The array size can reach 100000 over all test cases, and there can be many test cases. This means an approach that tries every pair of Alice and Bob choices will perform about n² operations, which becomes around 10^10 operations in the worst case and cannot fit in the time limit. We need to process each element only a constant number of times.
The tricky part is that Alice and Bob can choose the same index. A common mistake is to calculate Alice's effect and Bob's effect independently and combine them, but when both operations hit the same element the second operation sees the result of the first one. For example:
1
1 8 7
8
Alice changes the only element to 8 | 8 = 8, and Bob changes it to 8 & 7 = 0. The answer is 0.
A careless solution that treats the moves separately might compute Alice's change as zero and Bob's change as 8 & 7 - 8 = -1, producing the wrong idea that the result is 7. The two operations must be considered together for the chosen index.
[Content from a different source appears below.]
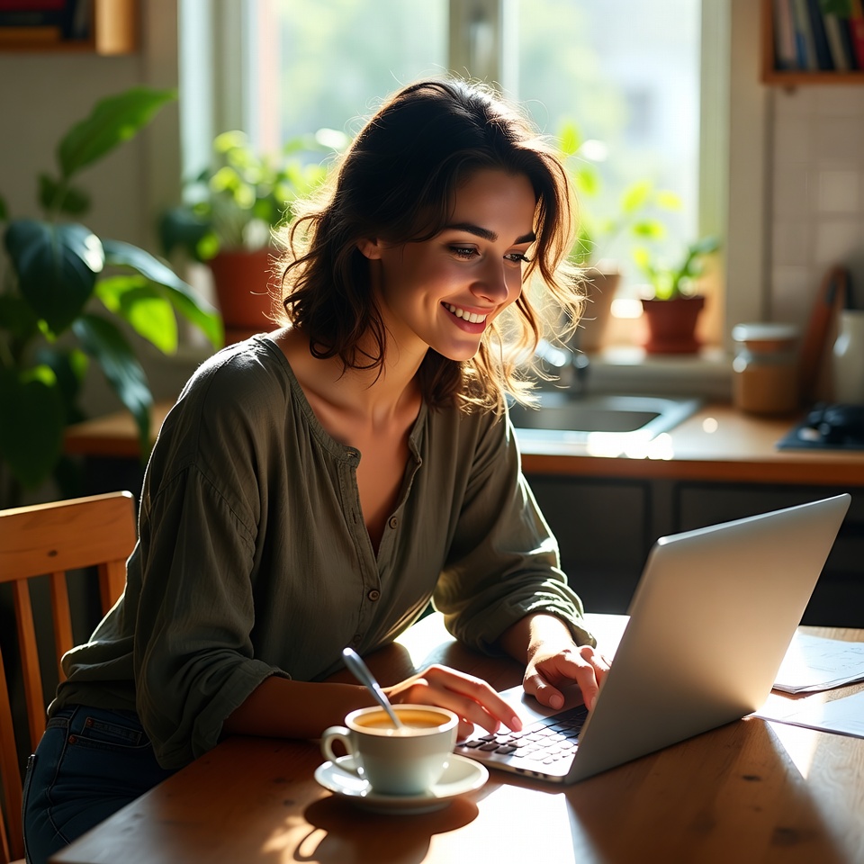 A woman sits at a wooden table using a laptop. Sunlight fills the kitchen, and a cup of coffee sits beside her.
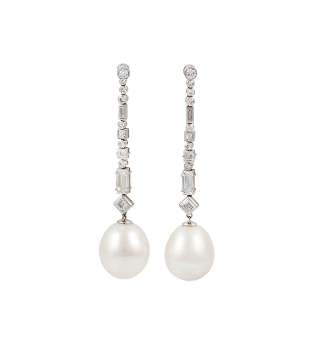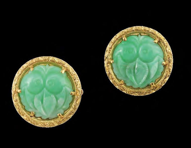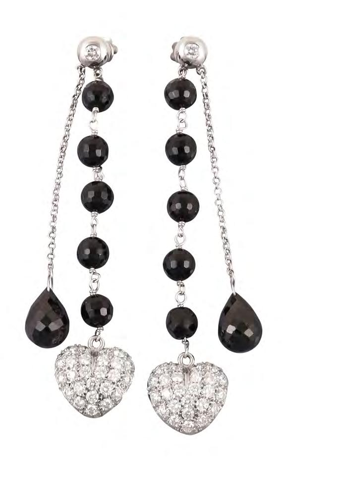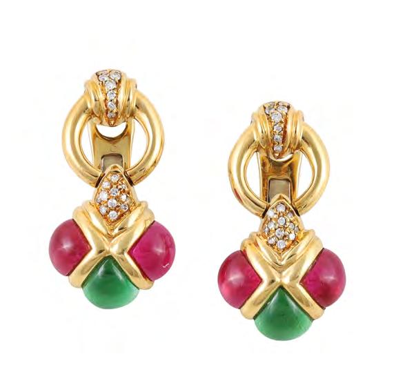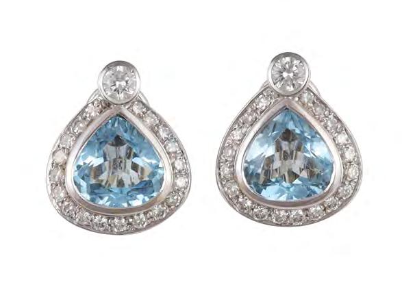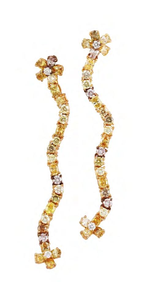 in oro giallo e bianco a motivi fogliati finemente cesellati, ciascuna con al centro un brillante, gr. complessivi 18,2. Dimensioni 3,4 x 3 cm ca. e 3 x 2,8 cm ca.

Another edge case is when Bob's best move is not the index Alice changed. For example:
1
2 8 1
8 15
If Alice touches the first element, it stays 8, and Bob can reduce the second element from 15 to 1, giving a sum of 9. If we only check Bob's move on Alice's chosen index, we miss the better response.
Approaches
The direct approach is to simulate every possible pair of moves. For each possible index Alice chooses, we try every possible index Bob chooses, calculate the resulting sum, and keep the value Alice can force. This is correct because it examines every possible game state. The problem is that it does two nested loops over the array. With n = 100000, this creates roughly 10^10 pairs, which is far too slow.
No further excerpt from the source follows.